Learn more in our CSAM Health Keeps Critical Systems Healthy Using WhatsUp Gold case study.

Healthcare Network Monitoring in Action: Optim Healthcare

Optim Healthcare in Savannah, Georgia didn’t want problems sneaking up on them, but wanted to be proactive—to find and fix problems right away. Thanks to WhatsUp Gold, they can and do.

Optim Healthcare’s IT team of seven supports 1,400 internal users including administrative personnel, clinicians, and countless current and perspective patients. If current patients can’t access the website to pay bills, or if perspective patients can’t access the website to obtain information about the facility, physicians, and services, this can impact patient satisfaction and loyalty.

The key is the WhatsUp Gold dashboard, an intuitive view offering historical performance information on the Optim network, servers, and applications in extensive detail. By just clicking on an application, server, database, etc. on the dashboard, Optim staff can ‘drill down’ to deeper levels to find the root cause of performance issues. “The unified dashboard is the best interface I’ve used and is definitely the de facto future of service, server and application monitoring. I get a single view at a highly granular level and am getting the data I need to proactively fix problems and eliminate downtime. I love it!” said Matt Cline, Senior Systems Administrator at Optim Healthcare.

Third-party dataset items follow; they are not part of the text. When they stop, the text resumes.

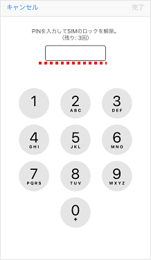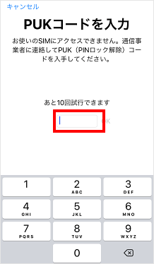 PINコード入力画面で、PINコードを3回連続で間違えると「PUKコード」入力画面に移ります。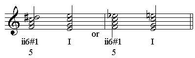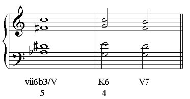 上面这种进行常常由重属导到主四六和弦代替,然后再到属和弦,这种进行声部更加自然。然而,这时重属导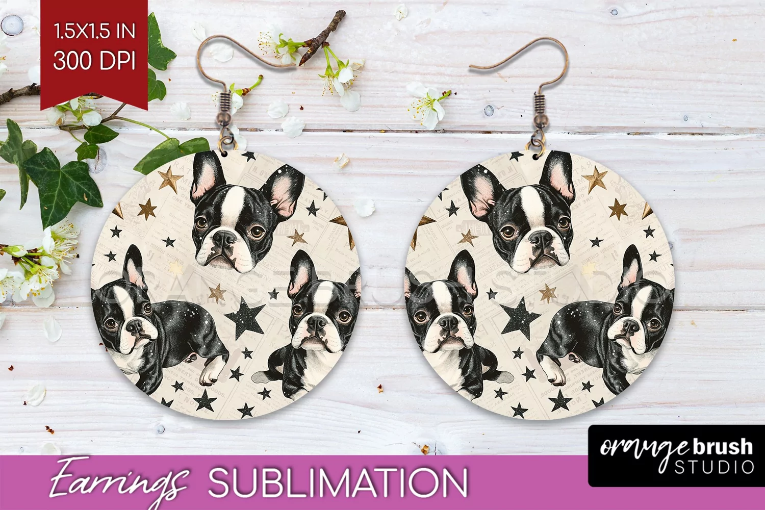 Cute Dogs Round Earrings - Puppy PNG Sublimation example image 1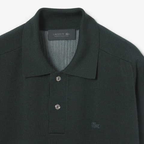 ・ポロシャツ由来のリブニットカラー&ボタンプラケット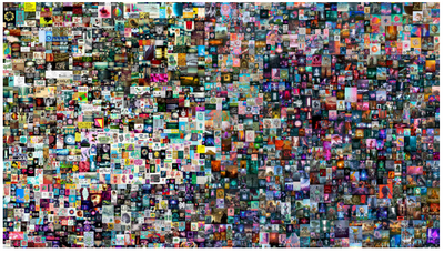 《Everydays: The First 5000 Days》成交价6930万美元(约4.5亿人民币)。它是艺术家迈克·温科尔曼(艺名Beeple)作品的马赛克集合,是一幅巨型拼贴作品。从2007年5月起,他每天在网上创作和发布一件新的艺术作品,最终把5000张作品图拼接成一个316MB的JPG文件。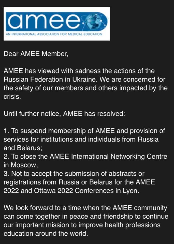 Представителей Российской Федерации и Беларуси изгнали из АМЕЕ, Международной ассоциации медицинского образования.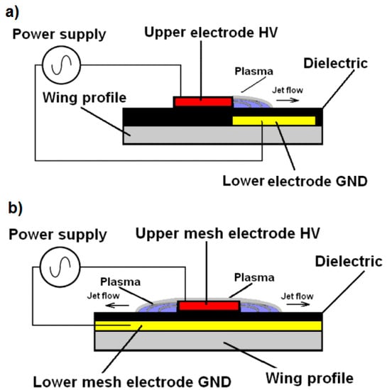 Comparison of the design of plasma actuators: (a) classic with solid electrodes and, (b) with two mesh electrodes.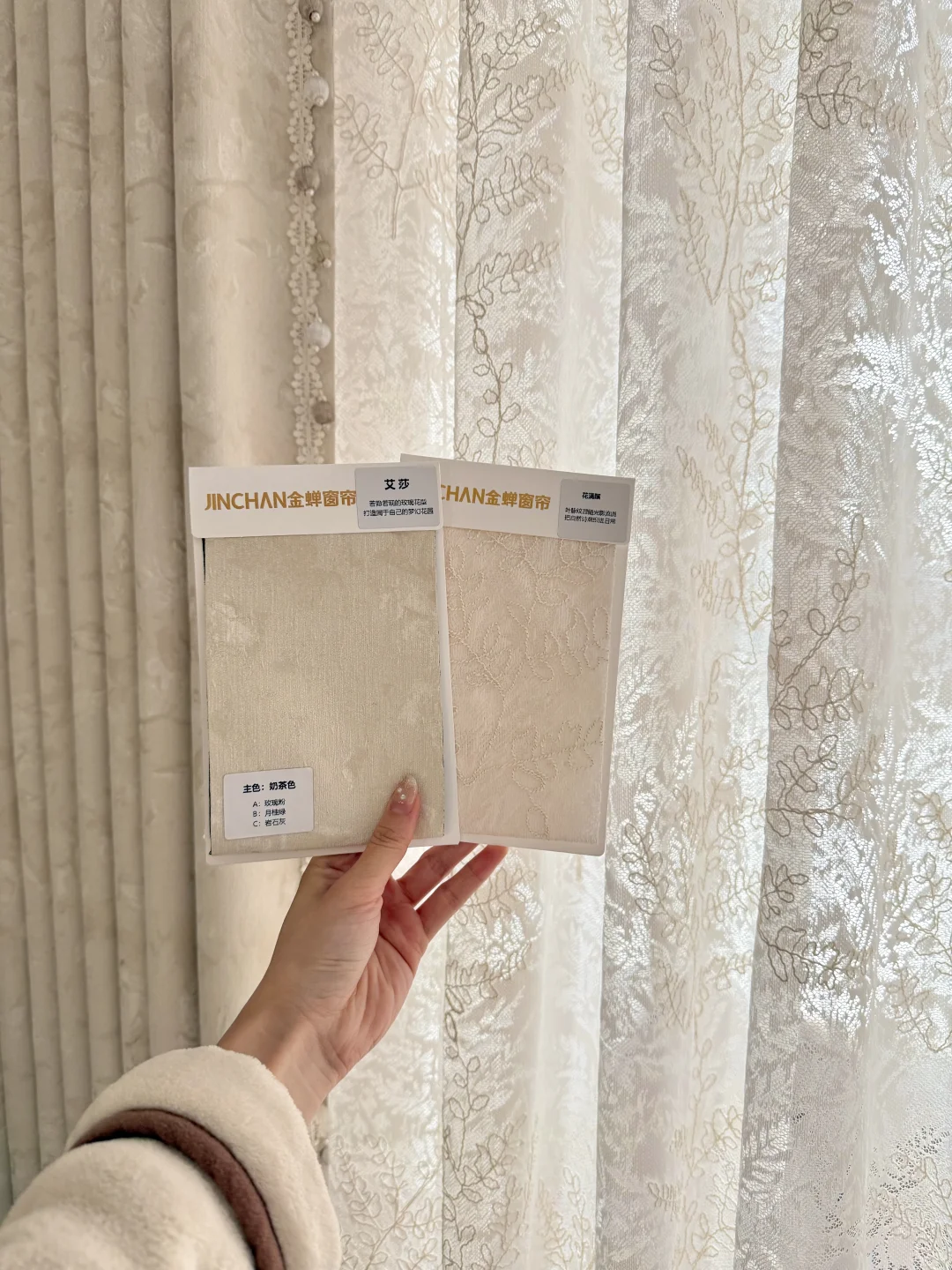 直到换上金蝉家的【艾莎】奶茶色布帘+【花满蹊】纱帘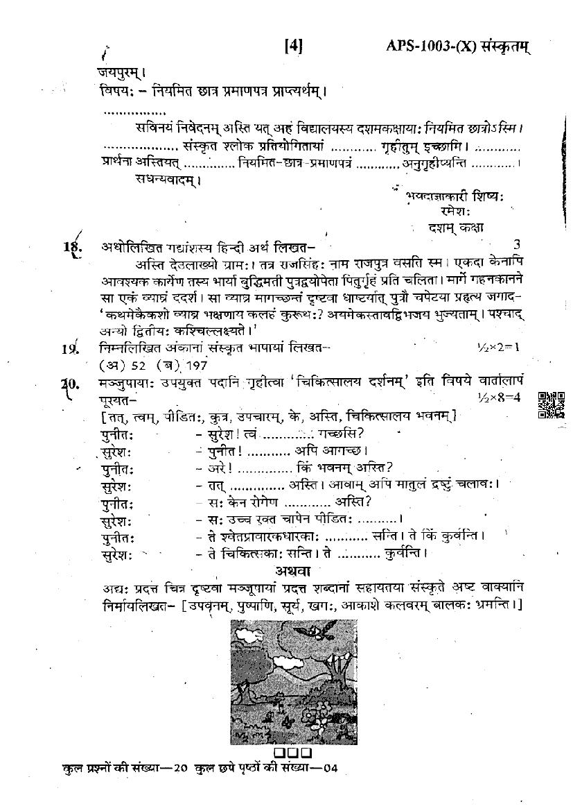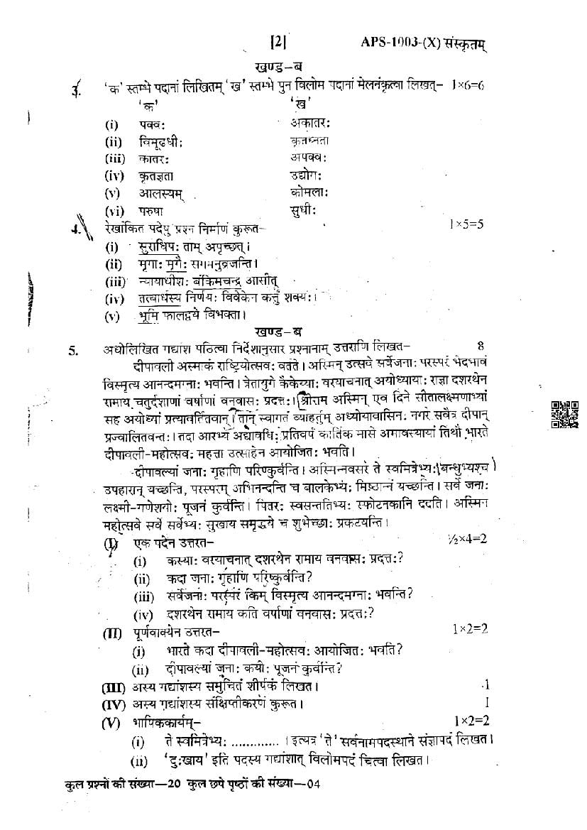 The important details of this 10th class half yearly exam Sanskrit question paper are as follows.

Very quickly, Matt developed and implemented new profiles for Microsoft Active Directory, SQL Server, the facility’s picture archiving and communication system (PACs), GE Interface and several of the organizations electronic medical records applications, including SRS and Allscripts electronic health records (EHR).

Learn more in our How Optim Healthcare Monitors the Health of its Entire IT Service case study.

How WhatsUp Gold Manages Logs

WhatsUp Gold Log Management provides easy visibility and management of device log data—all integrated into an industry-leading interface. You can monitor, filter, search, and alert logs for every device in your network while also watching for meta trends like log volume changes. You can also filter and archive logs to any storage location for any retention period to comply with regulatory requirements and preserve historic data. The result is world-class network monitoring and powerful log management all in one easy-to-use solution.